Publicado em 31/03/2018 às 00h21 | |

Apae e Tereza Paim produzem receitas especiais para pessoas com doença rara

 

A chef e empresária Tereza Paim produziu receitas especiais do livro da Apae “Receitas de Vida”, voltado para pacientes com fenilcetonúria. Ação aconteceu na cozinha da Escola Baiana de Arte e Moda, mostrando que dieta restritiva pode, sim, ter sabor!

No Brasil, milhares de pessoas convivem com uma doença genética rara, detectada pelo exame do pezinho, denominada fenilcetonúria (PKU). Esta doença, grave e sem cura, impede o consumo de alimentos como produtos de proteína animal, inclusive carnes, ovos, leites e derivados, além do trigo e alguns cereais. Visando dar mais sabor à vida dessas pessoas, a Apae Salvador – Serviço de Referência em Triagem Neonatal no Estado, a Escola Baiana de Arte e Moda (EBAM) e a chef Tereza Paim realizaram uma ação com o preparo de receitas para lá de especiais ontem, 28 de março.

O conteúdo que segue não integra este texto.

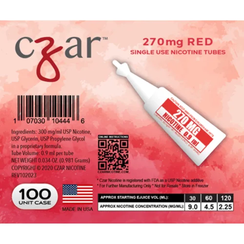 Get the Red Czar Nicotine Single Serve Tubes 270MG (Case of 100) from Czar Nicotine. Quality materials and thoughtful design deliver the performance you expect. A consistent seller and reliable everyday product. Size: 270mg. Suggested retail: $206.99.
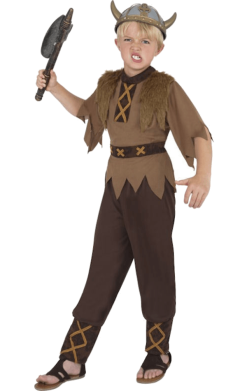 This Kids Viking Boy Costume comes complete with a brown top with ragged sleeves and cross detailing on the front. It also features a pair of dark brown trousers with cross stich detailing at the bottom. If your child wants to go all out, then why not purchase a steel helmet and a toy axe?
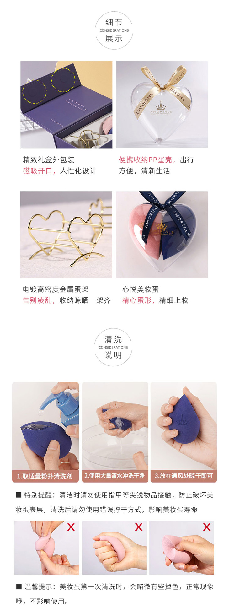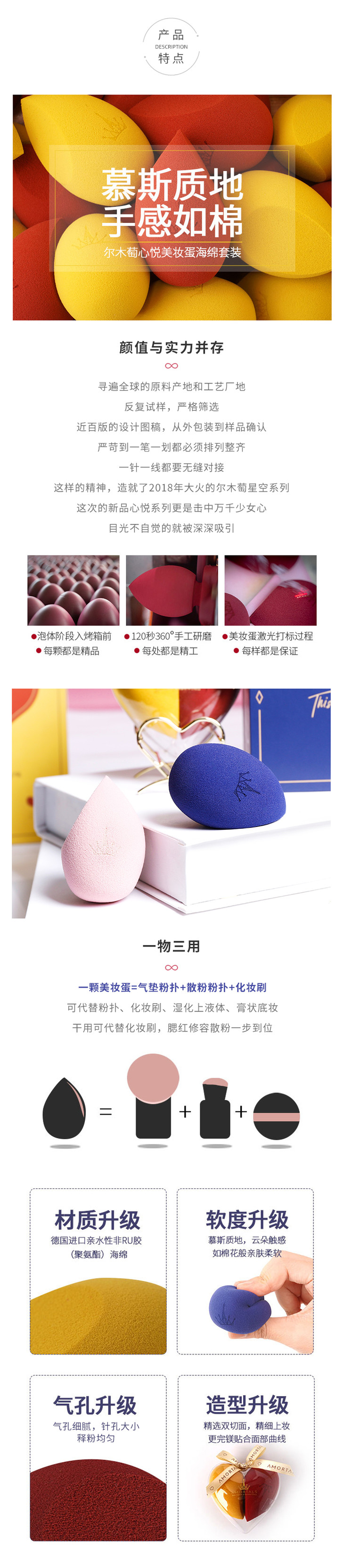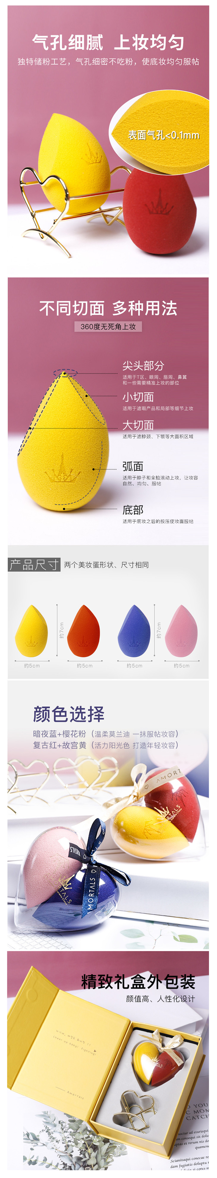 尔木萄 心悦美妆蛋套盒 2只+蛋架/盒 干湿两用海绵美妆蛋 AMRTALS/amrtals

A ideia é tornar essas opções mais conhecidas por quem realmente precisa.

 

“Receitas de Vida”

Em épocas como Páscoa, manter a dieta das crianças longe de bolos, chocolates e tantas guloseimas, torna-se um desafio ainda maior. “É triste, pois a dieta destas crianças é muito restrita”, afirma a nutricionista Zeni Nogueira, da Apae Salvador. Apoiada pela BioMarin (empresa americana de biotecnologia e pesquisa de doenças raras), a Apae Salvador lançou no ano passado o livro inédito “Receitas de Vida” com uma série de pratos especiais para indivíduos com fenilcetonúria, com receitas de bolos, massas, doces, entre outras guloseimas dentro dos padrões permitidos na dieta dessas pessoas.

 

A dieta restritiva é parte importante do tratamento para a fenilcetonúria. Pensando nesse cenário, a APAE Salvador desenvolveu formas diferentes de aguçar o paladar dos pacientes a partir da Cozinha Experimental Fenil, um espaço de troca de experiências entre pacientes e familiares. Nos encontros da cozinha experimental, foi possível estimular a adesão e a elaboração de novas formas de preparo dos alimentos liberados na dieta de PKU, permitindo a criação de receitas mais saborosas.

 

Para aquelas pessoas com muitas restrições, ter opções de receitas vai muito além do alimentar-se, é uma questão de saúde, bem-estar e qualidade de vida. “Em alguns casos, é difícil entender a importância da dieta, que é seguida por 80% das famílias. Por isso, o recomendado é que os pais expliquem quais alimentos são permitidos e o porquê. Dessa forma, a criança entende, desde pequena, a sua condição e segue o tratamento com mais espontaneidade”, comenta Dra. Helena Pimentel – Diretora Médica da Apae Salvador.

 

Sobre a Fenilcetonúria

 

Causada por uma mutação genética, a PKU é uma doença rara e grave que afeta, em média, um entre 15 a 25 mil brasileiros. A incidência na Bahia é de 1 para 14mil, e a Apae acompanha 134 pacientes com a doença. A enfermidade tem como característica principal o acúmulo do aminoácido fenilalanina (Phe) no sangue que, em altas concentrações, é tóxico ao sistema nervoso central. A pessoa com PKU não produz a fenilalanina hidrolaxe (PAH), enzima que quebra a Phe, fazendo com que os produtos tóxicos cheguem até o cérebro e causem diversas complicações como problemas comportamentais, neurológicos e físicos.

 

Os sintomas variam de leve a grave e podem incluir quadros de irritação, depressão, falta de concentração e ansiedade, entre outros sinais, que aparecem de forma isolada ou em múltiplas manifestações. Se não tratado na infância, o aumento da fenilalanina no organismo pode causar deficiência intelectual grave e danos cerebrais irreversíveis. Tudo isso pode ser evitado com a alimentação adequada, restringindo proteínas como frango, carne, ovos, laticínios, nozes, grãos e leguminosas – inclusive os seus derivados.